### AVAILABLE RECORDS
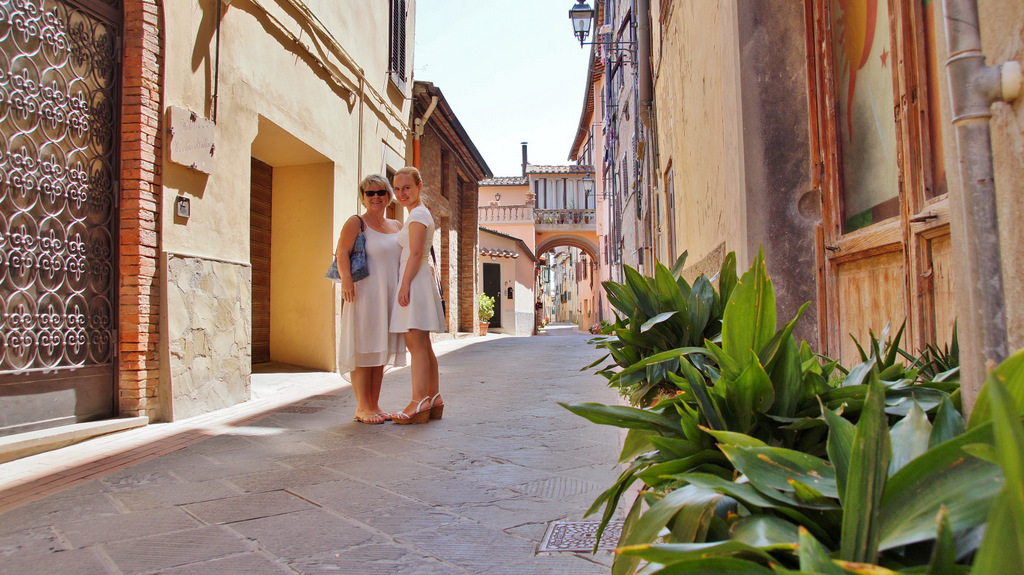 | Der heutige Tag beginnt für uns mit einem Bad im Pool. Anschließend gibt es Frühstück auf unserer Terrasse, von der aus wir einen tollen Blick hinüber nach Volterra haben. Gegen 09:30 Uhr fahren wir via San Gimignano und Poggibonsi nach Monteriggioni. Dieser kleine Ort, welchen wir immer bei unseren Aufenthalten in der Toskana besucht haben, ist wirklich eine Perle, da hier die alte Stadtmauer noch vollständig erhalten ist. Wir nutzen die Gelegenheit und steigen hinauf auf den alten Wall. Von hier oben bietet sich ein toller Blick auf den kleinen Ort und ein weiter Panoramablick auf die umliegende Hügellandschaft der Toskana. Nach einen Bummel durch Monteriggioni fahren wir über Colle Val d' Elsa nach Castel San Gimignano. Hier machen wir nur einen kurzen Stopp und schauen hinüber zum bekannten San Gimgignano mit seinen markanten Türmen. Kurze Zeit später erreichen wir Volterra. Unweite des Teatro Romano finden wir einen Parkplatz und gehen hinauf ins Centro Storico. Auch wenn der Ort recht touristisch ist so hat er doch sehr viel Sehenswertes zu bieten. Hier gibt es viele Souvenirläden wo neben Marmor vor allem Alabaster verkauft wird. Dann fahren wir kurz zurück ins Quartier und fahren kurze Zeit später weiter nach Montaione. Von hier aus geht es nach Castelfiorentino, wo wir im lokalen Coop unsere Vorräte für das Wochenende auffüllen. Im Licht der untergehenden Sonne essen wir zu Abend. Den Tag lassen wir mit einem kleinen Spaziergang durch das Areal der Casa Vaiano und eine finalem Tischtennismatch ausklingen. | |||
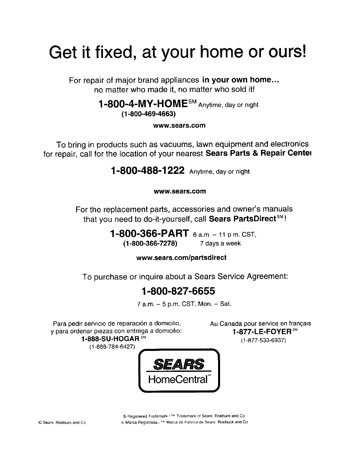 for repair, call for the location of your nearest Sears Parts & Repair Cente=
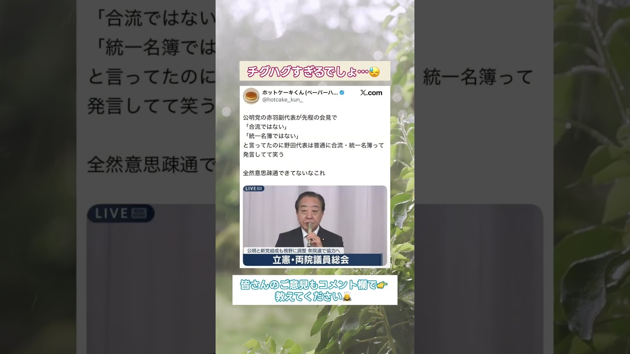 【速報】中道改革連合、蓮舫が批判#みんなの反応#ニュース#ネットの声
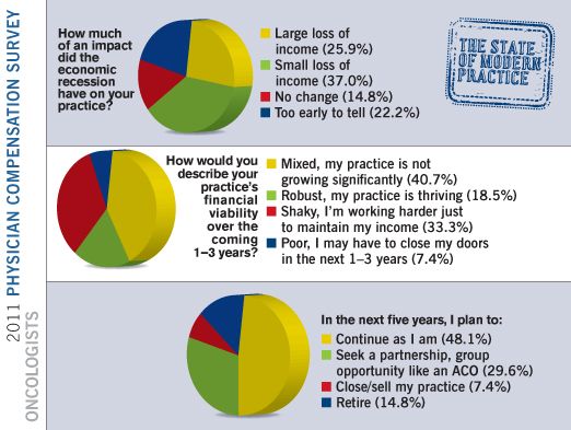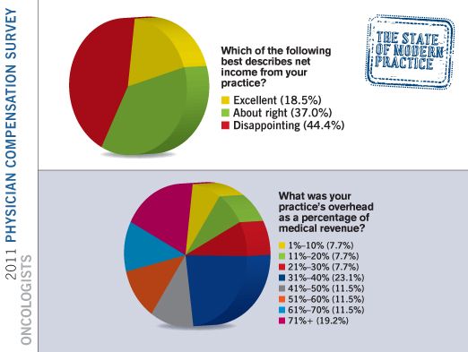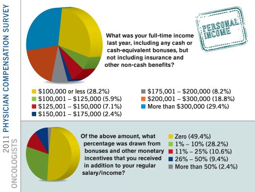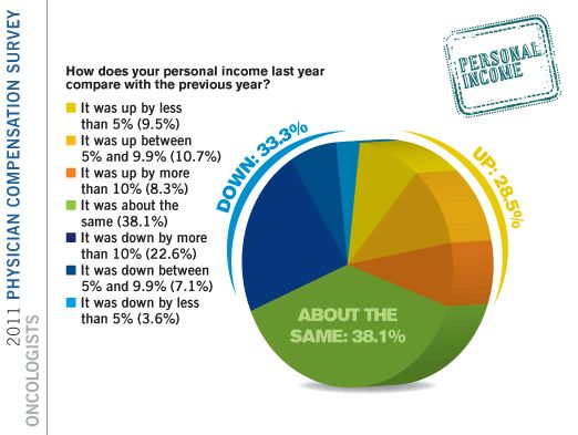 Twenty-two percent of oncologists report that their personal income dropped more than 10 percent in 2011.
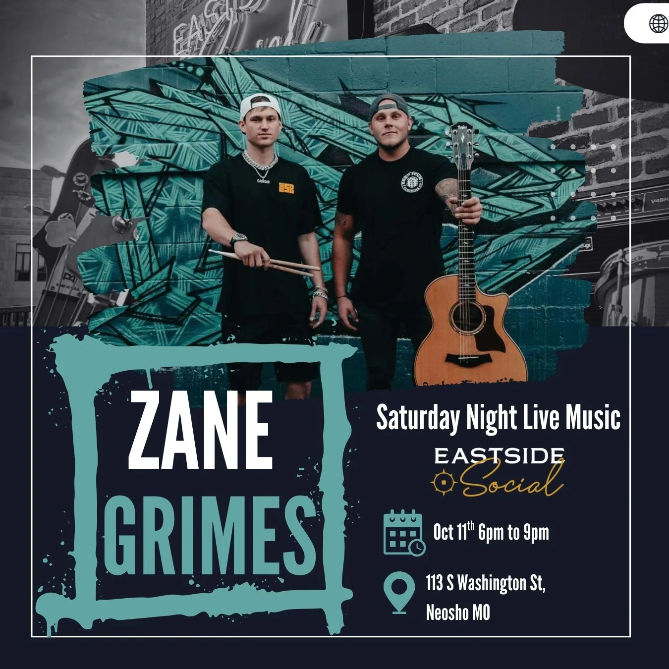 Back to All Events Zane Grimes Music Saturday, October 11, 2025 6:00 PM 9:00 PM Eastside Social 113 South Washington Street Neosho, MO, 64850 United States (map) Google Calendar ICS Zane Grimes is back to rock out at Eastside Social! Mark your calendars for October 11th because it’s going to be a night to remember. He’ll be jamming out from 6 PM to 9 PM! Don’t miss it!
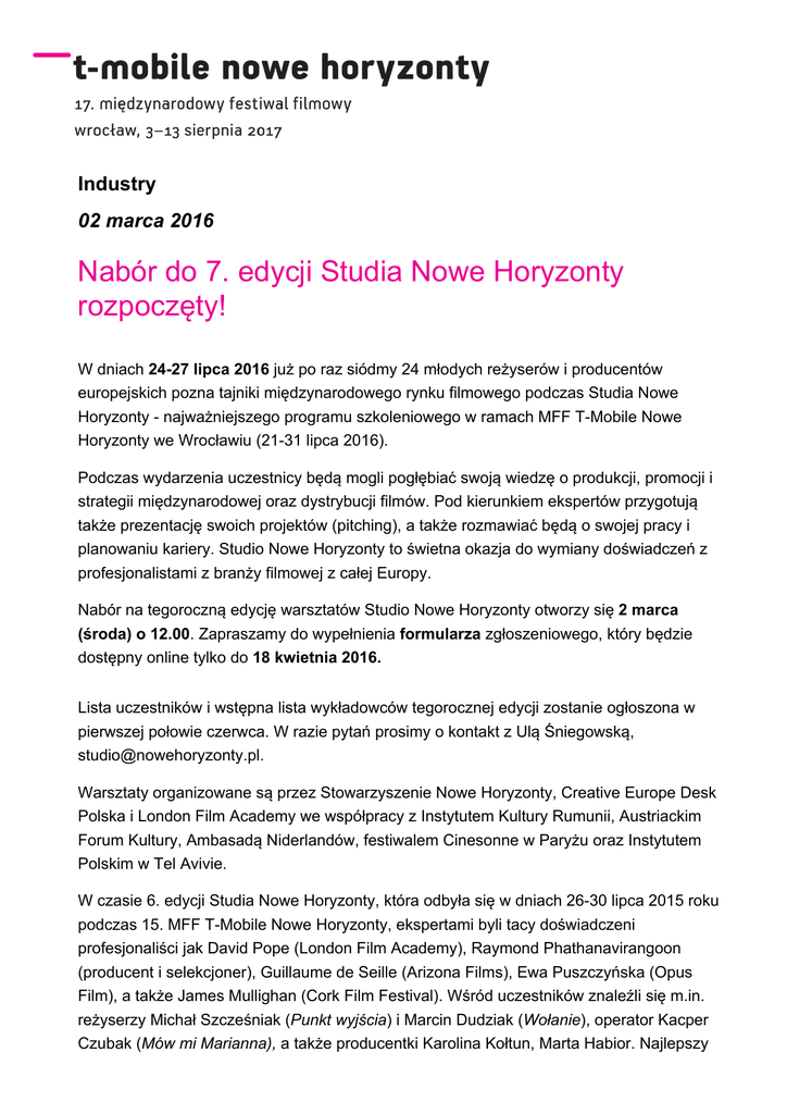 Industry 02 marca 2016 Nabór do 7. edycji Studia Nowe Horyzonty rozpoczęty! W dniach 24-27 lipca 2016 już po raz siódmy 24 młodych reżyserów i producentów europejskich pozna tajniki międzynarodowego rynku filmowego podczas Studia Nowe Horyzonty - najważniejszego programu szkoleniowego w ramach MFF T-Mobile Nowe Horyzonty we Wrocławiu (21-31 lipca 2016). Podczas wydarzenia uczestnicy będą mogli pogłębiać swoją wiedzę o produkcji, promocji i strategii międzynarodowej oraz dystrybucji filmów. Pod kierunkiem ekspertów przygotują także prezentację swoich projektów (pitching), a także rozmawiać będą o swojej pracy i planowaniu kariery. Studio Nowe Horyzonty to świetna okazja do wymiany doświadczeń z profesjonalistami z branży filmowej z całej Europy. Nabór na tegoroczną edycję warsztatów Studio Nowe Horyzonty otworzy się 2 marca (środa) o 12.00. Zapraszamy do wypełnienia formularza zgłoszeniowego, który będzie dostępny online tylko do 18 kwietnia 2016. Lista uczestników i wstępna lista wykładowców tegorocznej edycji zostanie ogłoszona w pierwszej połowie czerwca. W razie pytań prosimy o kontakt z Ulą Śniegowską, [email protected]. Warsztaty organizowane są przez Stowarzyszenie Nowe Horyzonty, Creative Europe Desk Polska i London Film Academy we współpracy z Instytutem Kultury Rumunii, Austriackim Forum Kultury, Ambasadą Niderlandów, festiwalem Cinesonne w Paryżu oraz Instytutem Polskim w Tel Avivie. W czasie 6. edycji Studia Nowe Horyzonty, która odbyła się w dniach 26-30 lipca 2015 roku podczas 15. MFF T-Mobile Nowe Horyzonty, ekspertami byli tacy doświadczeni profesjonaliści jak David Pope (London Film Academy), Raymond Phathanavirangoon (producent i selekcjoner), Guillaume de Seille (Arizona Films), Ewa Puszczyńska (Opus Film), a także James Mullighan (Cork Film Festival). Wśród uczestników znaleźli się m.in. reżyserzy Michał Szcześniak (Punkt wyjścia) i Marcin Dudziak (Wołanie), operator Kacper Czubak (Mów mi Marianna), a także producentki Karolina Kołtun, Marta Habior. Najlepszy pitch teamu Bena Branda, Wojtka Stuchlika i Beaty Rzeźniczek nagrodzono sesją tutoringu w LFA oraz ofertą postprodukcji we Wrocławskim CeTA. Jeden z zeszłorocznych ekspertów tak poleca Studio Nowe Horyzonty: 'Studio to jedno z lepiej zorganizowanych i przynoszących najlepsze efekty spotkań rozwijających umiejętności filmowe, w jakich miałem przyjemność uczestniczyć. Wydarzenie gromadzi najważniejsze talenty z Polski i z zagranicy, i zapewnia im warunki do rozwoju projektu oraz jego prezentacji międzynarodowemu środowisku. A do tego odbywa się w czasie jednego z najważniejszych festiwali filmowych w Europie! Gratuluję wszystkim zaangażowanym.' Zapraszamy!

### ACTIVITY
Take the lines above starting at the one containing "for repair, call" and ending at the one containing "Back to All", and print them again exactly, without pictures.

### YOUR RESPONSE
 for repair, call for the location of your nearest Sears Parts & Repair Cente=
 【速報】中道改革連合、蓮舫が批判#みんなの反応#ニュース#ネットの声
 Twenty-two percent of oncologists report that their personal income dropped more than 10 percent in 2011.
 Back to All Events Zane Grimes Music Saturday, October 11, 2025 6:00 PM 9:00 PM Eastside Social 113 South Washington Street Neosho, MO, 64850 United States (map) Google Calendar ICS Zane Grimes is back to rock out at Eastside Social! Mark your calendars for October 11th because it’s going to be a night to remember. He’ll be jamming out from 6 PM to 9 PM! Don’t miss it!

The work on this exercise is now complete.